Thermo-tolerance comparisons among bed bug strains

The procedures used for step-function thermo-tolerance comparison experiments were similar to those used for determining LT₇₅ estimates for the Harlan nymphs. For each population, ten mixed sex adult insects (1:1 ratio) were placed into a 15-mL glass test tube with a strip of filter paper as harborage. Test tubes were sealed with Parafilm, placed in a 12x6 plastic holding rack and then transferred to a water bath heated to 45°C. Insects were exposed at 45°C for 10, 12, 13, 14, 16, 17, 18, 20, 21, 22, 23, 24, 25, 26, 27, 28, 29, and 30 mins to generate exposure time-mortality data. Three to four replicates (10 adults per replicate) were performed for each time point. Additional time points that provided 75–100% mortality were included in step-function heat exposure experiments to increase the precision of LT₉₉ estimations [34]. Test tubes were removed from the water bath after the exposure period had elapsed and bed bugs were placed in a 35x10mm Petri dish with a Whatman No. 1 filter paper disc. Petri dishes were held in an environmental chamber with temperature, humidity, and light conditions identical to those used for rearing. Mortality was scored 24 h after exposure using the parameters described under determination of lethal time estimates for late instar nymphs. Control insects were held in test tubes at room temperature and then transferred to Petri dishes.

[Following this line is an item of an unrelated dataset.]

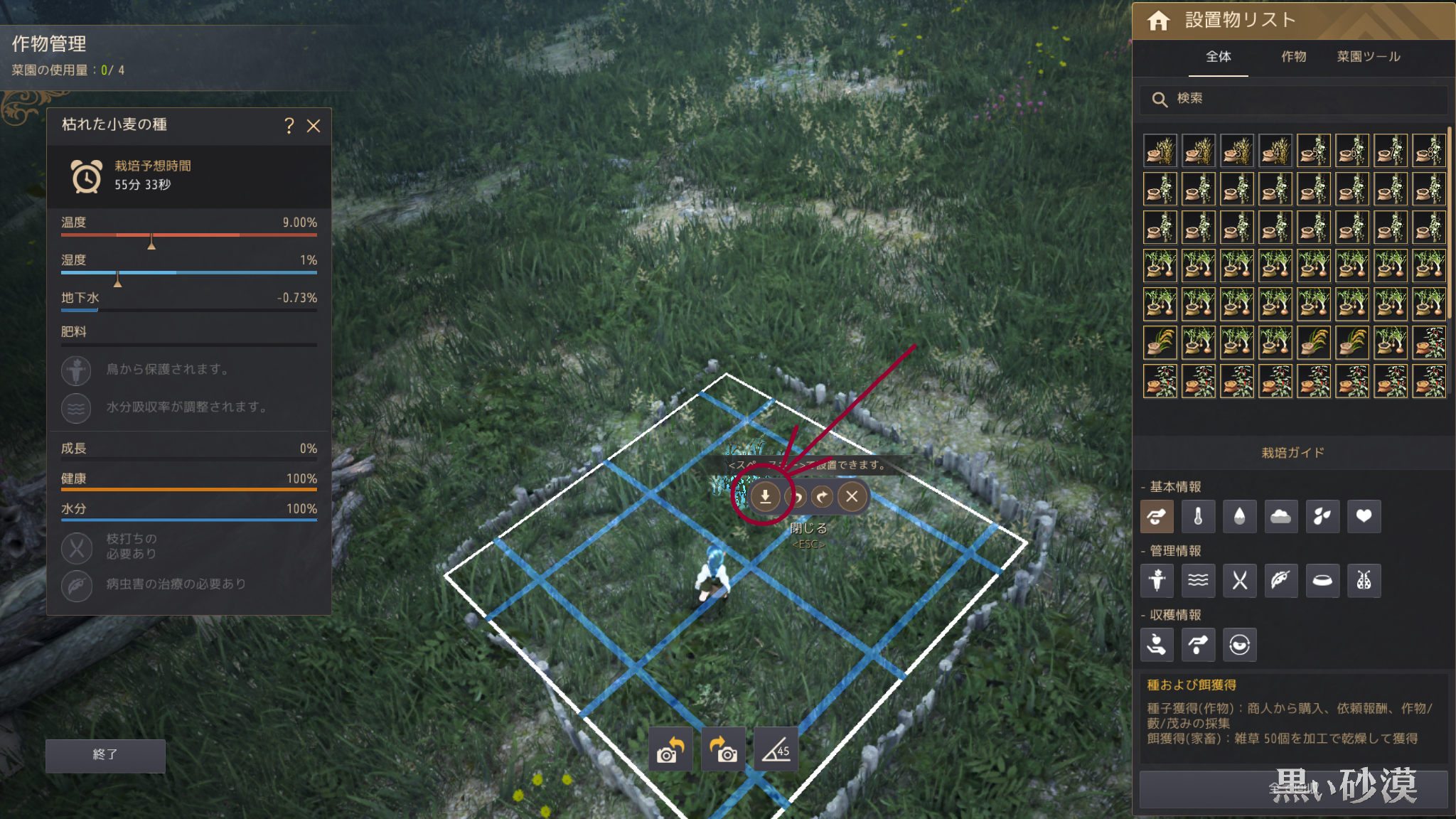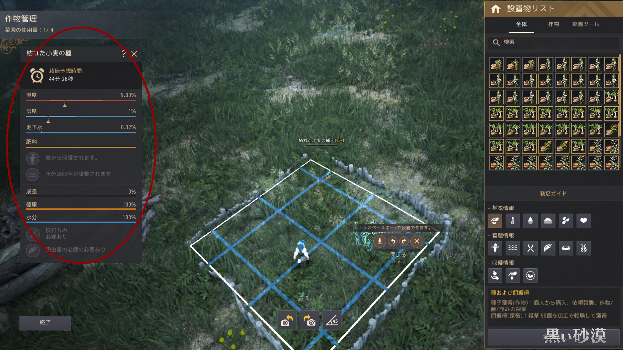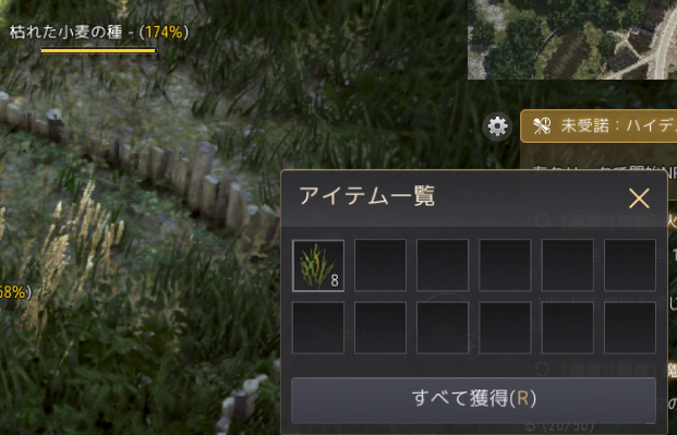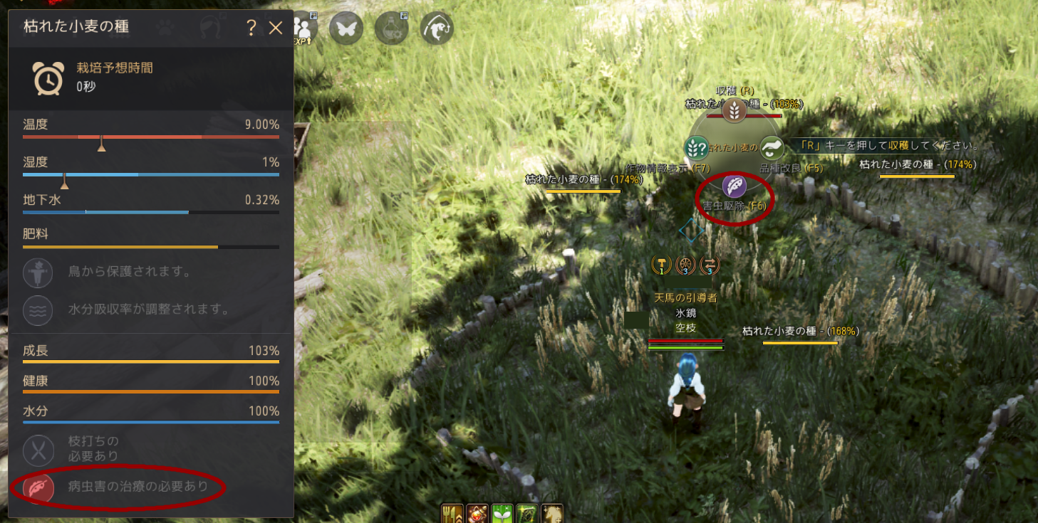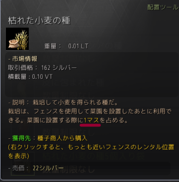 こういうふうに「枯れた小麦の種」を植えたところから「小麦の種」という一つ上の種を手に入れられたりします。(難易度はそれなりにあるので、すぐに採れるという感じでもないです)

Procedures for the ramp-function heat exposure bioassay that utilizes a gradual or incremental increase in temperature were somewhat similar to those used for the step-function bioassays explained above. Briefly, 15-mL glass test tubes with 10 mixed sex adult bed bugs (1:1 ratio) per tube were placed in a 12x6 plastic holding rack that was transferred to a water bath at room temperature. The water bath was then turned on and the bed bugs were exposed to gradually rising temperatures at the rate of 0.57 °C/min until the water temperature reached 45°C. Once the water bath reached 45°C (~37-min heating time), insects were held in the water bath for a time that corresponded with the LT₉₉ time for the Harlan strain. After the ramp-up heat exposure period was completed, insects were placed into Petri dishes with filter paper and mortality was scored 24 hours later using previously described criterion under determination of the lethal time estimates for late instar nymphs’ section. Three replicates of ten mixed sex bed bugs per replicate were performed for each population, including the Harlan strain, which was used as a positive control for all bioassay tests. Test tubes containing control insects were held at room temperature during the ramp-up heat exposure experiments.